Wet wraps incorporating an emollient (moisturizer) and a low-potency steroid are used for those with moderate-to-severe atopic dermatitis, especially children, where topical applications have not helped. Wet wraps involve double layers of tubular bandages forming a body suit. They work in three ways:
- Evaporation cools the skin, reducing itching and discomfort; the bandages need to be remoistened and not allowed to dry out
- Rehydration puts moisture back into the skin as the skin absorbs large amounts of the emollient; the skin tends to be softened as a result.

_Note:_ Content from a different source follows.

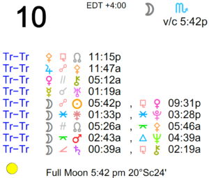 The Moon is in Scorpio. The Moon is void from 5:42 PM forward (until tomorrow at 12:59 PM tomorrow). The Moon is waxing and in its Waxing Gibbous phase until 5:42 PM, after … [Read more...]

- Protection by providing a barrier to little fingers that want to scratch the skin, thus providing an opportunity for the skin to heal.
Coal tar applied to affected areas has been shown to help reduce the itchiness of atopic dermatitis. But its strong smell and tendency to stain any fabric it touches make it a less appealing remedy. Coal tar can also irritate the skin in some people. It should only be used under the guidance of a doctor with experience in managing atopic dermatitis.
*All information on medical treatments on this site is provided as an overview only. For a complete and up-to-date list of side effects, warnings and precautions, read the product’s package insert and consult your doctor or a pharmacist.
**If you are considering an alternative or complementary therapy, discuss it with your doctor first, and always be sure to keep your doctor up to date about any vitamins, supplements, or other forms of alternative treatment you are taking. Like any medication, alternative therapies can interact with other medications/treatments and, in some cases, have side effects of their own. Remember that “natural” does not necessarily mean “safe.”